Mrs Mason is mean and intensely suspicious. For her, dishonesty is the general order for an average servant and resorts to setting up the girls against each other. Mrs Mason is simply judging others by her standard. The two girls worked together and defeated her.
Sarah, as a teacher, guides Jane through the process of navigating Mason’s world. Speaking to her on banana errand for the mistress, she tells Jane Mrs Mason is so mean, “she wouldn’t even gie y’u de banana skin, so I teck it myself, an’ I gwine to give y’u a piece. Only now an’ den y’u can get any’ting out of her when y’u go to de shop.” God knows that Sarah is not a thief.
Throughout the novel, Jane hungers for freedom and independence. But she cannot attain these aspirations if she remains under someone’s care and supervision. It is clear to see why she has to be exposed and be stripped and severed of vestiges of nativity and dependence, though Jane is not demanding much from the world. All she asks for is what Kenneth Ramchand calls “comfortable domesticity.”
Sarah left, and had to, despite the fact that her presence protects Jane from Mr Cecil’s amorous advances. Sarah is there mainly to teach her one or two things. Her revolt against Mrs Mason serves as an eye-opener to timid Jane. Her views of Mrs Mason as a cult-figure of awesome formidability and unconquerableness were quickly dispelled when, in her presence, Sarah successfully challenged her.
Sarah aggressively fought for her right and succeeded; but Amanda has lost when she attempted doing so. Jane did neither.
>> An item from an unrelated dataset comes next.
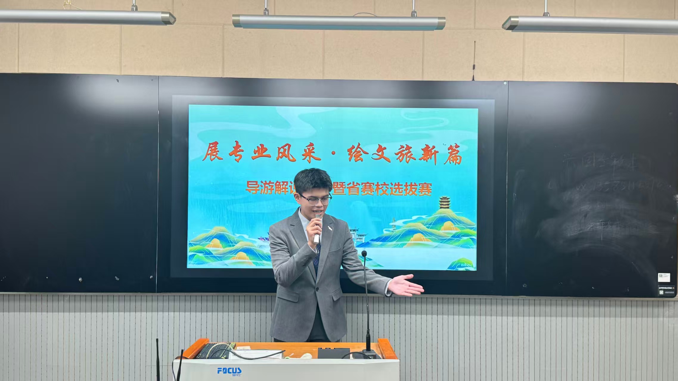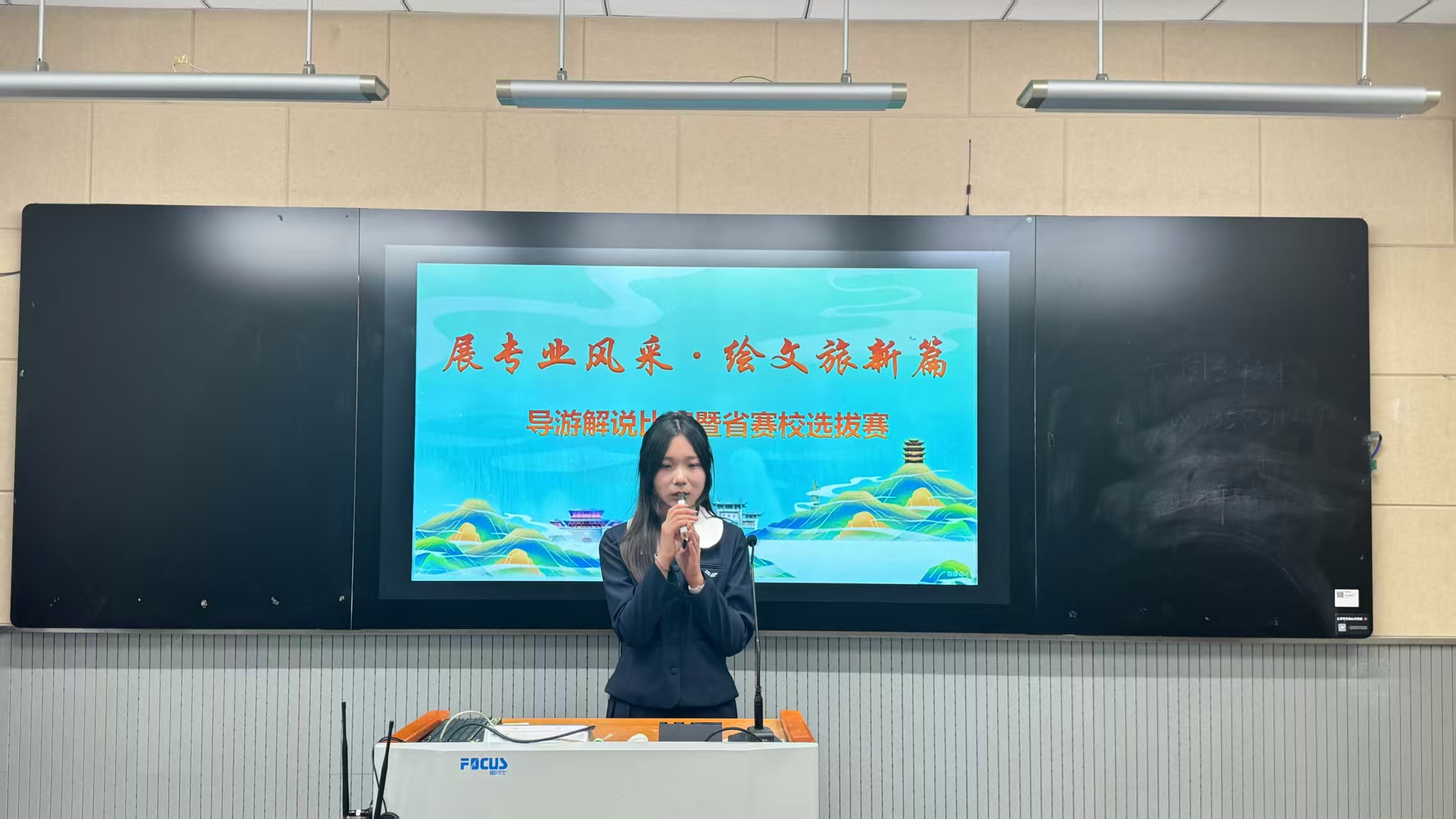 本次导游解说技能竞赛分为初赛与决赛两个阶段,初赛阶段吸引了来自旅游管理、营养配餐等多个专业的百余名学生踊跃参与。初赛环节要求选手自选中国某一城市(涵盖直辖市、地级市、县级市及特别行政区)作为讲解对象,进行城市概况的生动阐述。选手们凭借扎实的知识储备、流畅的语言表达和独特的讲解视角展开激烈角逐,最终有11名表现突出的优秀学生成功脱颖而出,晋级决赛。

This beggars the question, thus: is it bravery or foolishness to look into the eyes of your employer and challenge them? Jane’s strength lies in her meekness, fighting passively but determinedly, up till the right time arrived, since when we, and not her, recognize that doing so at the moment is foolishness.
The second stage of Jane’s development begins when she deserted Mason family and joined a group of female factory workers who are living life in a purlieu, more or less like brothel. Everyone is struggling economically. It is until now that Jane realizes she really needs a ‘friend’ Celestina has insisted she should get. But the inherent honesty in her will not allow her to “eat the men out” as Sathyra suggested, since they [men] are not coming intent to marry them.
The handling of irony as a trope is strikingly dazzling. The innate shade, double-standing nature of man and the influence of environment on behavior is brought to light. People who maltreated and badmouthed Jane later came to celebrate her. Paradoxically, Jane herself would come to keep a servant whom she calls Mrs Jane. For under servitude the name of the slave is always insignificant, a nothingness in the face the master’s.
Human relation, we understand, is firmly built on the premise of the principle of quid pro quo. Mr Cecil cash assistance to Jane is not without hopes for something in return. Jane and Vincent have to trade off their ideals to be able to get married. At this stage, we have covered the repertoire of Jane growth. The vague sense of regret and trepidation she had when she set out from her village, sets the beginning of her transformation and accomplishment, reinforcing the idea of reward for the brave who trudge into the unknown.
The moving story of Jane would not have been so electrifying without de Lisser’s use of language, which is one considerate to universal readers, artfully stripped of elite pomposity, of what Terry Eagleton would describe as something ‘akin to nuclear physics.’ Characters speak ordinarily, a dialectical English variety domesticated to suit everyday life and local consumption, that ensures readers are not going to encounter no bode[the]ration “at all, at all,” especially for a Nigerian reader. “De trute of de matter” is that the language looks very alike with Nigerian pidgin. The food is yam and sweet potato with boiled salt fish and some rice.